US shrimp imports totalled 564 000 tonnes worth USD 4 093 million, which represents a 1.3 per cent and 4.8 per cent increase in terms of volume and value respectively, compared with the 557 000 tonnes worth USD 3 904 million in 2007. Consequently, the unit value of imports grew 4 per cent. This positive trend was shown in almost all the main import categories, except other frozen preparations and 15 or less count of headless shell-on frozen, which showed lower trade both in volume and value.

Headless shell-on shrimp accounted for 43 per cent of total imports of shrimp, both in volume and value, followed by peeled frozen shrimp, with a 33 per cent share in both indices. 70 per cent of the total supply of headless shell-on frozen shrimp originated in four countries, Thailand (24 per cent), Ecuador (18 per cent), Indonesia (15 per cent), and Mexico (13.5 per cent).

Thailand remains the main supplier of shrimp to the US accounting for 34 per cent of total imported volume (32 per cent in terms of value). However, purchases from this country fell in volume (-3 per cent), although in terms of value they grew 4 per cent, with a 7 per cent increase in unit value. Viet Nam and Indonesia showed a very good performance on sales of shrimp to the US (+42 per cent and +22 per cent respectively in terms of volume), while China showed a minor reduction (-1 per cent).

The European Outlook

In nearby all European countries, consumers have changed their habits to adapt to new economic constraints. The trend which includes saving on restaurant visits and on expensive food items is expected to last for some time. All EU countries are predicting more difficult times and worsening economic situation for all of 2009, giving little likelihood that comparatively expensive food items, such as shrimp, will register an increase in demand.

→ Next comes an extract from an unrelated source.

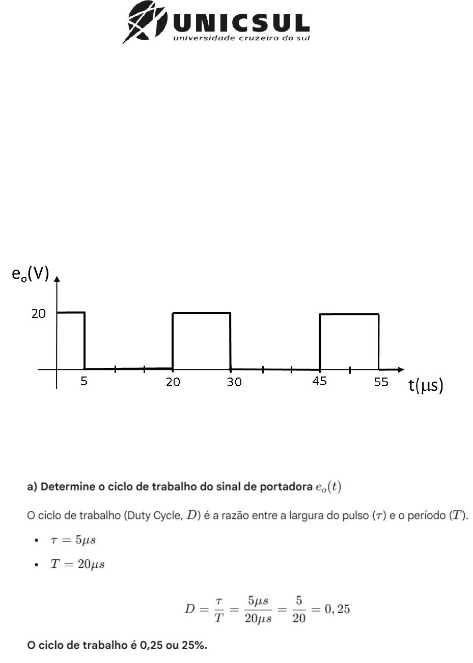 Curso: Engenharia Elétrica Data: 05/11/2025 Prof.: Cláudio Domienikan 2ª ATIVIDADE REMOTA DE PRINCÍPIOS DA COMUNICAÇÃO APLICADA O sinal da figura abaixo é utilizado como portadora para um modulador PAM. O sinal modulante é uma cossenóide de 500 Hz e 2 Vpp, somada a um nível CC de + 4 V. A constante de modulação K é de 0,2 V-1. Nessas condições: a) Determine o ciclo de trabalho do sinal de portadora eo(t); b) Determine o fator de atenuação para n=1, n=2, n=3, n=4 e n=5; c) Apresente a Série de Fourier do sinal eo(t) até o quinto elemento harmônico; d) Apresente a Série de Fourier do sinal modulado ePAM(t) até o quinto elemento harmônico; e) Desenhe o espectro de amplitudes do sinal ePAM(t); image6.png image7.png image8.png image9.png image1.jpg image2.png image3.png image4.png image5.png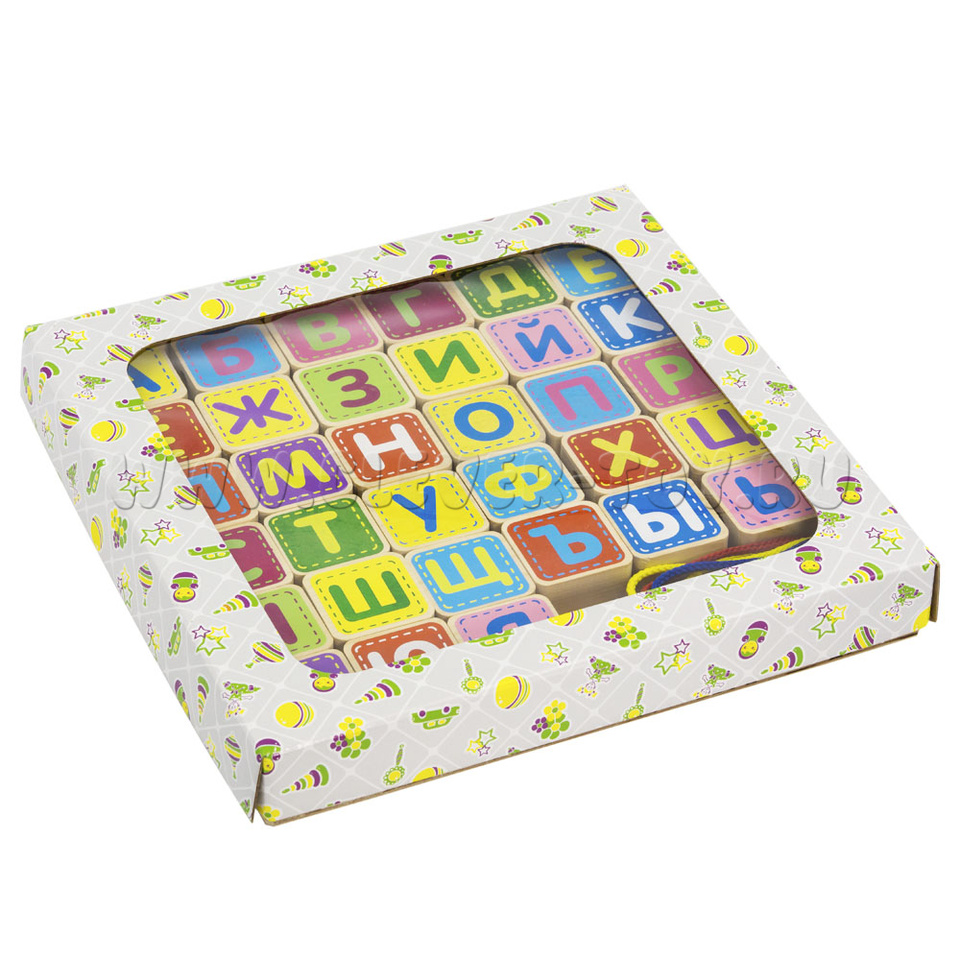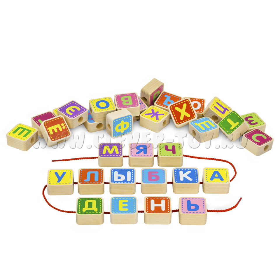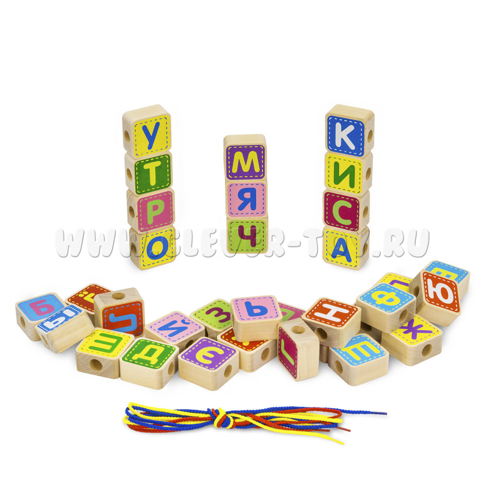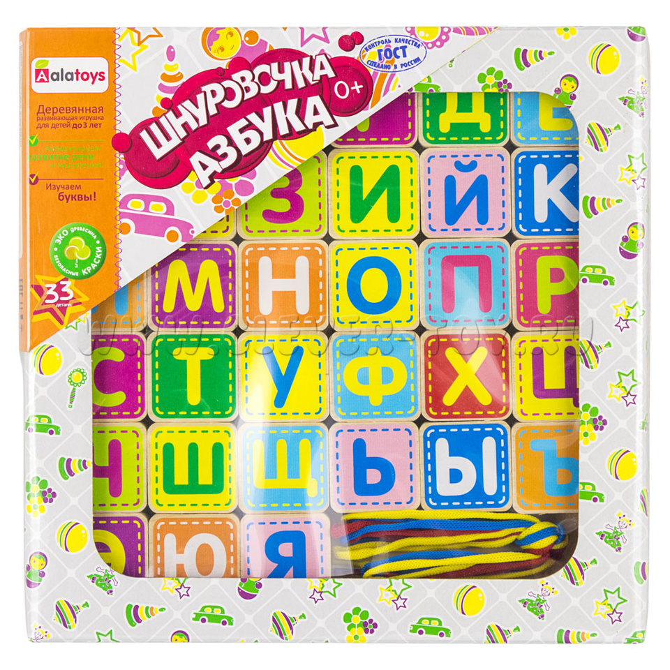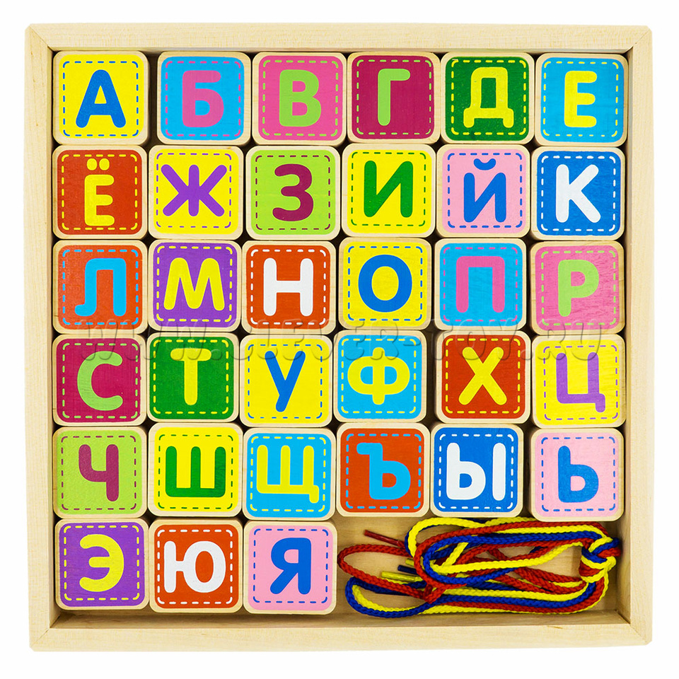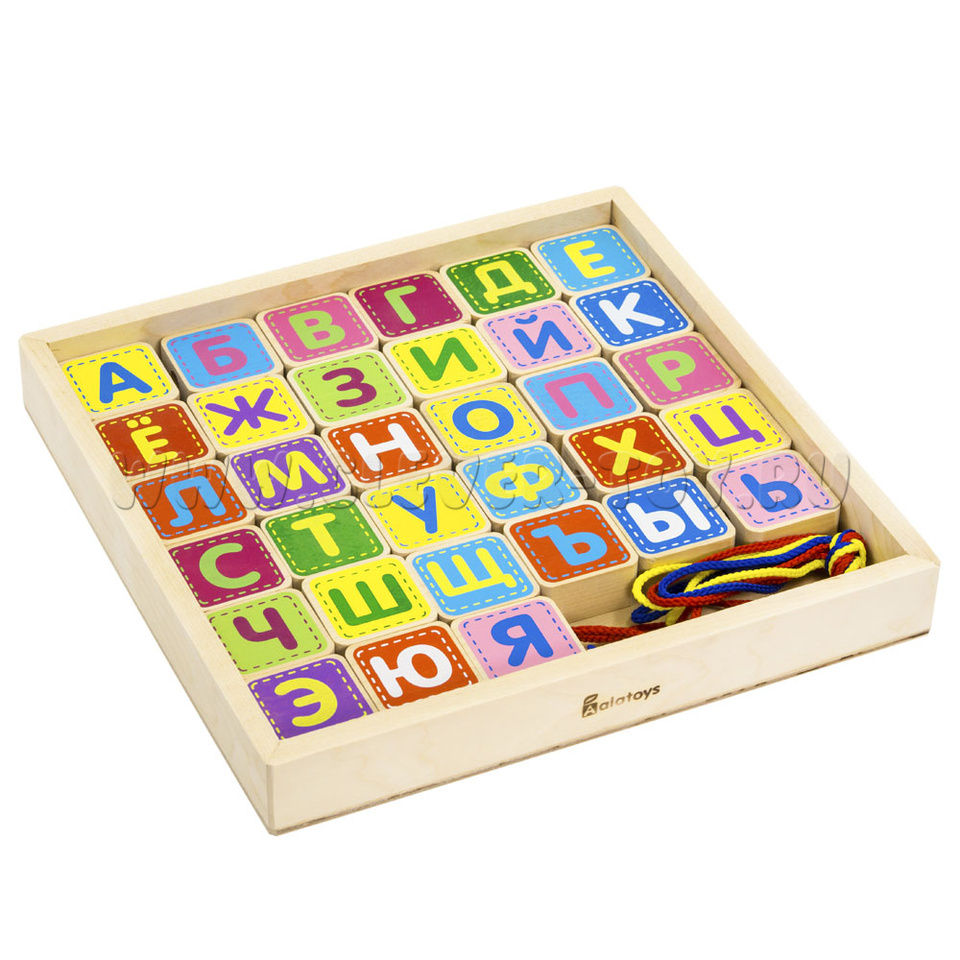 Конструктор "Шнуровка Азбука" (33 детали, 4 шнура, деревянная коробка)

The period of Lent (40 days before Easter) is normally a good period for seafood consumption, particularly in Southern Europe where the Christian rituals are more closely observed. However, this year, demand seems to be below expectations. It appears, though, that European consumers are not ready to give up with festive food and that they are ready to pay higher prices occasionally on high quality products, such as wild-caught products or organic products.

US to Adapt to Changing Market

The global crisis has limited the availability of credit to everyone, and access to credit facilities has become more expensive. In a climate of uncertainty about the future behaviour of the market, these trends increase the costs of building stocks. Therefore, purchases are mainly to recompose the supply. On the other hand, the Thai Shrimp Association announced at the end of 2008 that it would reduce production by 20 per cent in order to adjust supply to lower demand. This should result in a lower supply of shrimp, which in turn should help maintain higher prices.

Consumers are becoming more price sensitive, which implies that the value-chain will have to look for ways to reduce their costs in order to avoid a price increase. Farmed shrimp has led to a reduction in the overall prices of shrimp. This opens a way for distributors to market shrimp as an affordable yet luxurious product. Prices of shrimp during 2008 did not have significant ups and downs. On the contrary, they remained fairly stable, peaking in August for white aquacultured shrimp, and by the end of the year, except for some particular products, prices were near or below the level registered at the beginning of 2008.